ZIL Transaction Creation and Assignment

Once the zilog_t structure is obtained, the next line within zfs_write pertaining to the ZIL is this one:

zfs_log_write(zilog, tx, TX_WRITE, zp, woff, tx_bytes, ioflag);

The zfs_log_write function is used to create new itxs, as well as insert them into one of the ZIL’s list of transactions.

zil_itx_create

Inside of zil_log_write, the function zil_itx_create is used to allocate one or more itx_t structures to represent the write system within the in-memory portion of the ZIL. That can be seen here:

while (resid) {
	itx_t *itx;
	lr_write_t *lr;
	ssize_t len;

	/*
	 * If the write would overflow the largest block then split it.
	 */
	if (write_state != WR_INDIRECT && resid > ZIL_MAX_LOG_DATA)
		len = SPA_OLD_MAXBLOCKSIZE >> 1;
	else
		len = resid;

	// ... <snip> ...

	itx = zil_itx_create(txtype, sizeof (*lr) +
	    (write_state == WR_COPIED ? len : 0));

	// ... <snip> ...

	resid -= len;
}

Where zil_itx_create simply allocates and initializes the in-memory itx_t structure:

itx_t *
zil_itx_create(uint64_t txtype, size_t lrsize)
{
	itx_t *itx;

	lrsize = P2ROUNDUP_TYPED(lrsize, sizeof (uint64_t), size_t);

	itx = kmem_alloc(offsetof(itx_t, itx_lr) + lrsize, KM_SLEEP);
	itx->itx_lr.lrc_txtype = txtype;
	itx->itx_lr.lrc_reclen = lrsize;
	itx->itx_sod = lrsize; /* if write & WR_NEED_COPY will be increased */
	itx->itx_lr.lrc_seq = 0;	/* defensive */
	itx->itx_sync = B_TRUE;		/* default is synchronous */

	return (itx);
}

Thus, for a single write (and single call to zfs_log_write), 1 or more itxs will be created to represent the system call.

zil_itx_assign

At this point, the itxs representing the write will have been allocated and initialized, but they’re not yet part of the ZIL. In order to add the itxs to the ZIL, the zil_itx_assign function is used. Expanding the previous code snippet from zfs_write, we can see that zil_itx_assign is called immediately after the individual itxs are created and initialized:

while (resid) {
	itx_t *itx;
	lr_write_t *lr;
	ssize_t len;

	/*
	 * If the write would overflow the largest block then split it.
	 */
	if (write_state != WR_INDIRECT && resid > ZIL_MAX_LOG_DATA)
		len = SPA_OLD_MAXBLOCKSIZE >> 1;
	else
		len = resid;

	itx = zil_itx_create(txtype, sizeof (*lr) +
	    (write_state == WR_COPIED ? len : 0));
	lr = (lr_write_t *)&itx->itx_lr;
	if (write_state == WR_COPIED && dmu_read(zp->z_zfsvfs->z_os,
	    zp->z_id, off, len, lr + 1, DMU_READ_NO_PREFETCH) != 0) {
		zil_itx_destroy(itx);
		itx = zil_itx_create(txtype, sizeof (*lr));
		lr = (lr_write_t *)&itx->itx_lr;
		write_state = WR_NEED_COPY;
	}

	itx->itx_wr_state = write_state;
	if (write_state == WR_NEED_COPY)
		itx->itx_sod += len;
	lr->lr_foid = zp->z_id;
	lr->lr_offset = off;
	lr->lr_length = len;
	lr->lr_blkoff = 0;
	BP_ZERO(&lr->lr_blkptr);

	itx->itx_private = zp->z_zfsvfs;

	if (!(ioflag & (FSYNC | FDSYNC)) && (zp->z_sync_cnt == 0) &&
	    (fsync_cnt == 0))
		itx->itx_sync = B_FALSE;

	zil_itx_assign(zilog, itx, tx);

	off += len;
	resid -= len;
}

The purpose of zil_itx_assign is to insert the new itx into one of the ZIL’s list of transactions; the details of that process is covered next (it’s complicated enough to warrant a new section).
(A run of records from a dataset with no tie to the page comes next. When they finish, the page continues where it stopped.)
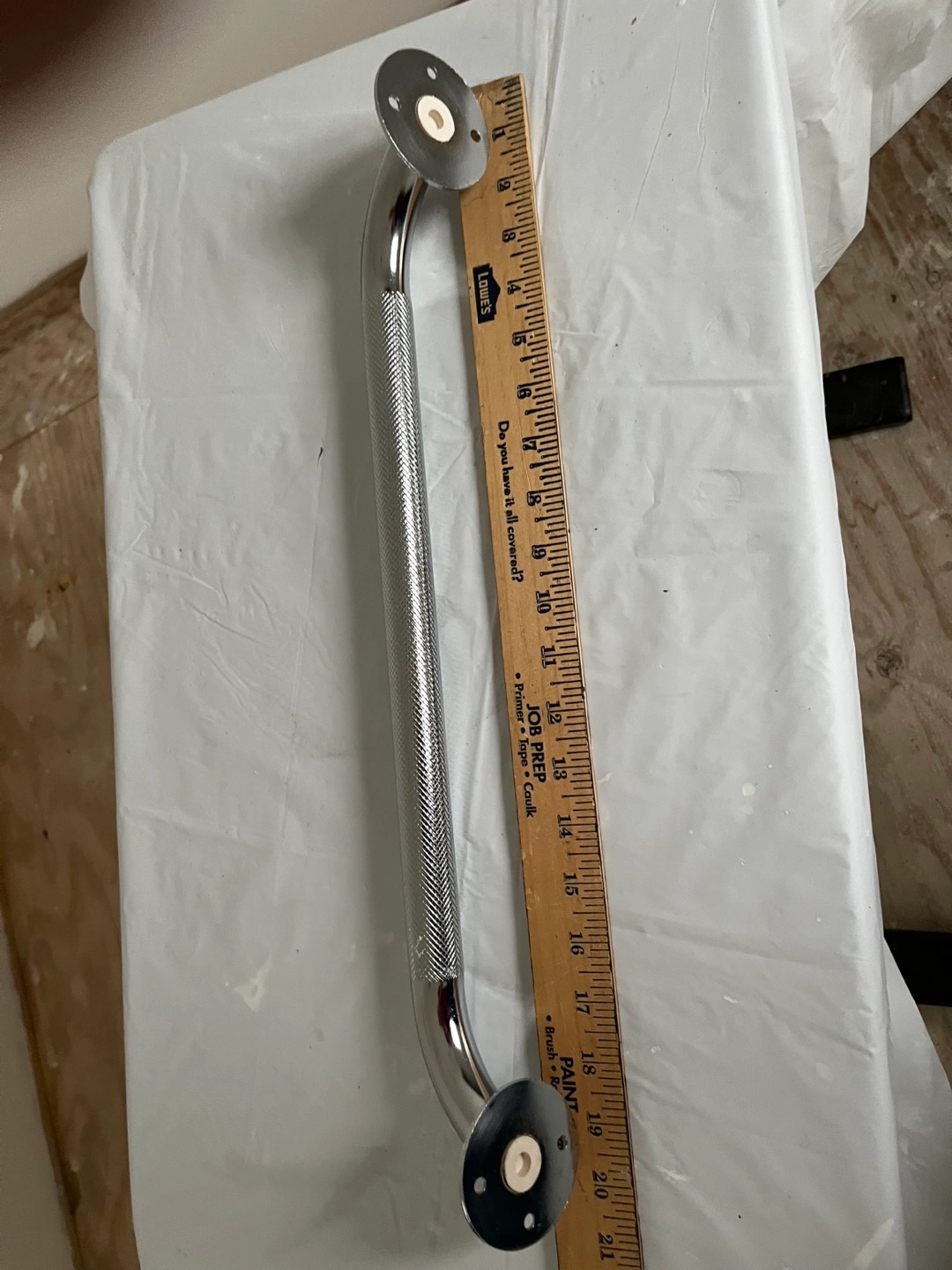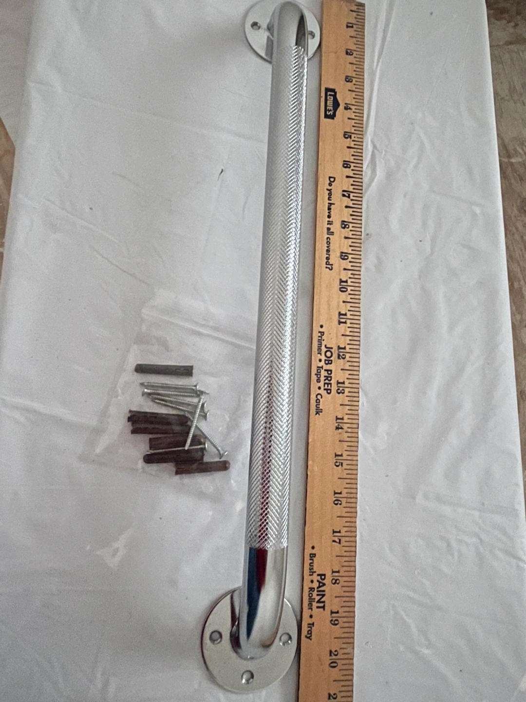 98Heavy Duty Chrome textured grab bar, for Bathtubs and Showers. Approximately 19 inches long, Bar 3” diameter. Includes mounting hardware: screws and wall anchors. Corrosion resistant Stainless Steel. Good condition.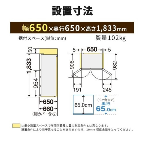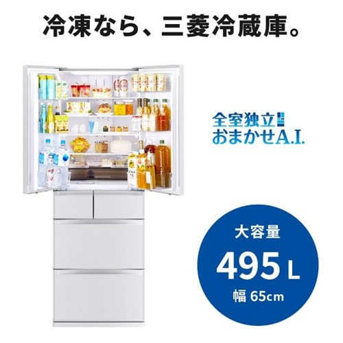 三菱電機 冷蔵庫 495L 観音開き 6ドア 幅65cm できちゃうV冷凍+ 切れちゃう瞬冷凍A.I. 大容量冷凍室 MR-JW50N-W ホワイト系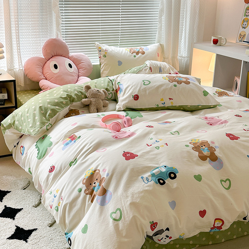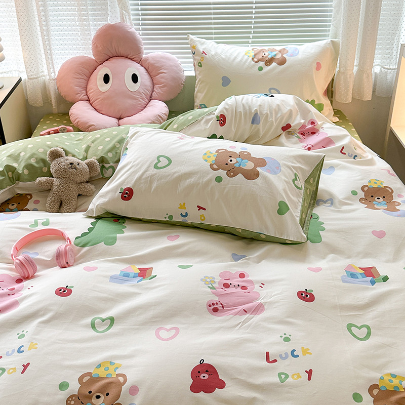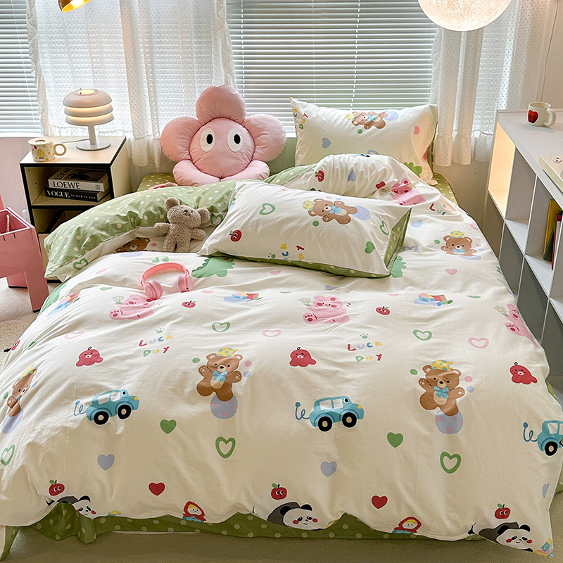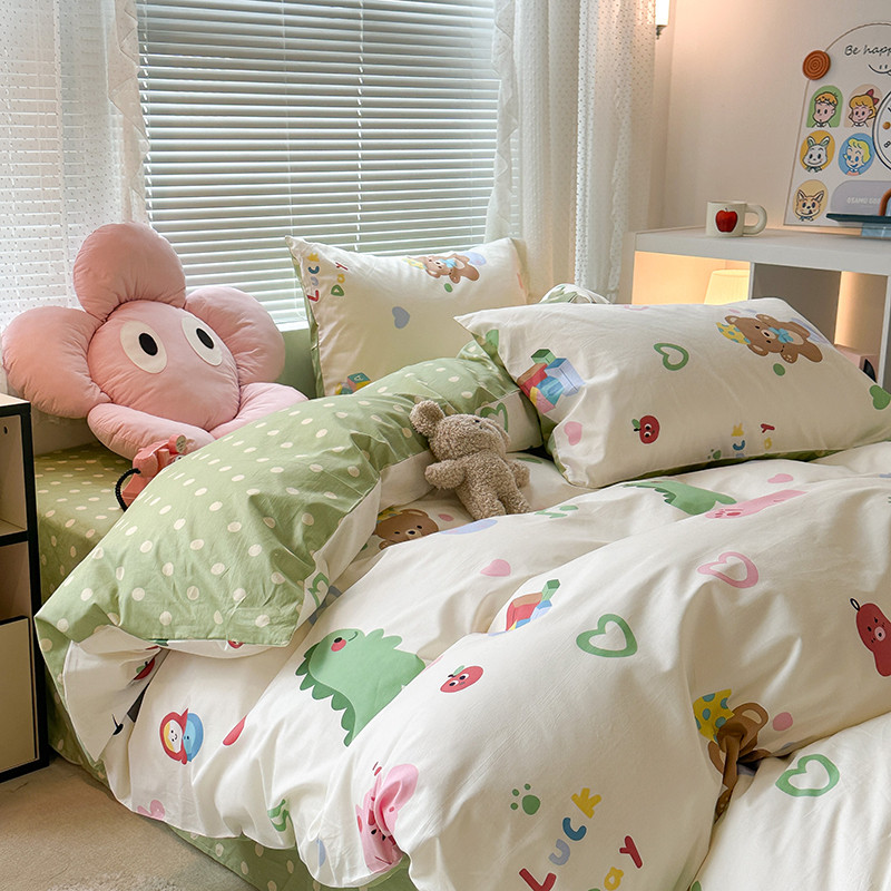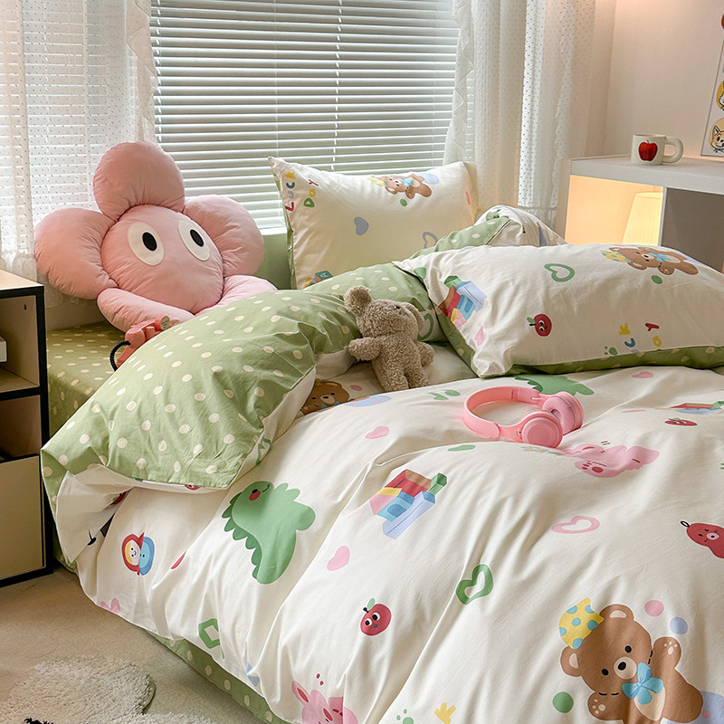 (总)昔可 2023新款学生季卡通普通款四件套,彩色气球熊,彩条恐龙,憨憨熊,花蜜小兔,蘑菇兔,圈圈草莓,蔬菜小兔,郁金香小萌狗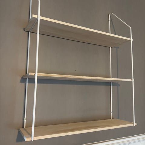 Roosanvärinen metallinen seinähylly

zl_itxg[4], i_sync_list, i_async_tree, and ia_list

In order to fully understand how a given itx gets inserted into the in memory representation of the ZIL (via zil_itx_assign), one has to understand a few things about the zilog_t:

  1. The zl_itxg field of the zilog_t contains 4 unique itxg_ts, and each itxg_t maps to a particular DMU transaction group. Each itx created is applicable to a specific DMU transaction (tx), which is then applicable to a specific DMU transaction group (txg). Thus, the tx is used to determine the txg for this specific itx, and the txg is used to determine which of the 4 different itxg_ts (from the zl_itxg array) will be used when inserting the itx.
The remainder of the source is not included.